It hasn't been this bad in a long time.
My neurologist prescribed a 5 day course of steroids to break the cycle - I'm on day 4 of that and it's not helping.
He also upped my dose of Xanaflex, which I use as a daily preventative. I'm already on the highest dose of Topamax, my other preventative med.
I've been taking imitrex and fioricet every day which offer some temporary relief but it always comes back and with the prednisone is wreaking some major havoc on my stomach.

I know my husband is sick of hearing about them.
I'm definitely sick of having them.
Even if I go to the ER they won't give me anything more than injected imitrex so I'm not bothering.
I can't call the neuro again till tuesday so I'm stuck and i'm supposed to go to a wedding this afternoon.

UGH - SO FRUSTRATED!

[I had no idea]

I am leading a very similar life. People can't see migraines or feel them like you do, so the pain must not really be that bad...it's just a headache, right?

Many people don't get it and many neurologists don't get it and they act like there is nothing they can do to help. It leaves us backed into a corner, in so much pain that there is little you can do to help yourself, and everyone ignoring you. I was on Topamax as well and then they said they didn't want me taking it because I am a thin person (I was only ever on 25mg & they wouldn't give me more). I've tried nearly every preventative medication in the book, as well as everything to treat the migraines. I often have them for multiple days in a row and have to take Relpax day after day. I was on Imitrex injections, but they gave me horrible side effects & Relpax seems to have less side effects, although it is not perfect by any means. So now they really can't think of anything preventative to put me on b/c they have tried everything without success. I am on beta-blockers for high blood pressure so who knows if that does anything for my migraines. I always get multiple migraines a weak with little relief. Nobody seems to understand that I can't stay in bed day after day. The docs seem like they don't understand how much this interferes with daily life and they are out of solutions so they just throw in the towel.

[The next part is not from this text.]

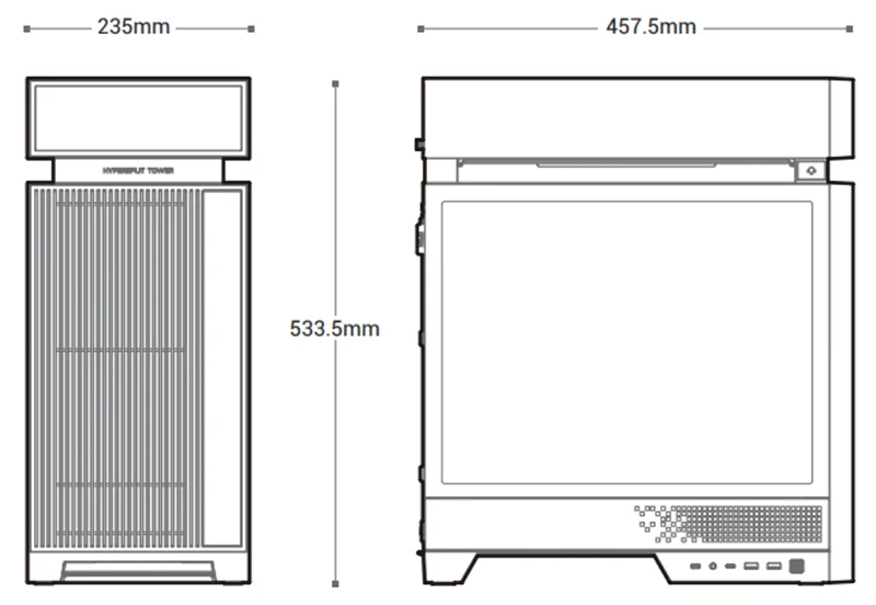 Несмотря на оригинальный дизайн, размеры устройства соответствуют стандарту Mid-Tower: высота составляет 533,5 мм, длина — 457,5 мм, а ширина — 235 мм.

Narcotics have worked for me, but good luck finding any doc that will give you them for migraines.

Very frustrating!

[Woundedheart1]

I live with chronic migraña its a part of my neurological condition NF1. I have found building up to a high butt ggeraputic dose of topomax each night prior to deep is a great preventive if ii get breakthroughs I have 2 bc of the limited amount of esch you van take. One is maxalt 10 mg and toe second I'd migrant nasal sprat apron the same dosage. However when i et a cluster series like you are having I take theeds promptly lay in a dark quiet room with an icepack. If people fervent had them they dont understand. Dont let him intimidate you inti feelings badvi know your pain.

[MirrorMirror]

Quote:

Originally Posted by jadedmoonbeam

It hasn't been this bad in a long time.
My neurologist prescribed a 5 day course of steroids to break the cycle - I'm on day 4 of that and it's not helping.
He also upped my dose of Xanaflex, which I use as a daily preventative. I'm already on the highest dose of Topamax, my other preventative med.
I've been taking imitrex and fioricet every day which offer some temporary relief but it always comes back and with the prednisone is wreaking some major havoc on my stomach.

I know my husband is sick of hearing about them.
I'm definitely sick of having them.
Even if I go to the ER they won't give me anything more than injected imitrex so I'm not bothering.
I can't call the neuro again till tuesday so I'm stuck and i'm supposed to go to a wedding this afternoon.

UGH - SO FRUSTRATED!

I totally understand. I had one for 2 weeks straight once, and got so sick that i ended up having to drop out of the college I was attending and lost like 15 pounds. I was then on the highest does of Topamax, and taking the triptans did nothing for me, then even Fioricet wasnt working, and I kept throwing up from the pain, so nothing stayed down anyway. I eventually got multiple infusions to break the cycle. Stay strong! Dont let anyone get you down, maybe refer your husband to a book he could read on migranes so next time he might be more understanding? Its hard for people who dont experience them to understand the debilatating pain of a migrane, becuase they think its just a bad headache. To those of us who unfortunatly know the difference, I have heard it compared to labor in the brain from another sufferer. Hope you feel better soon aand dont experience another cycle anytime soon!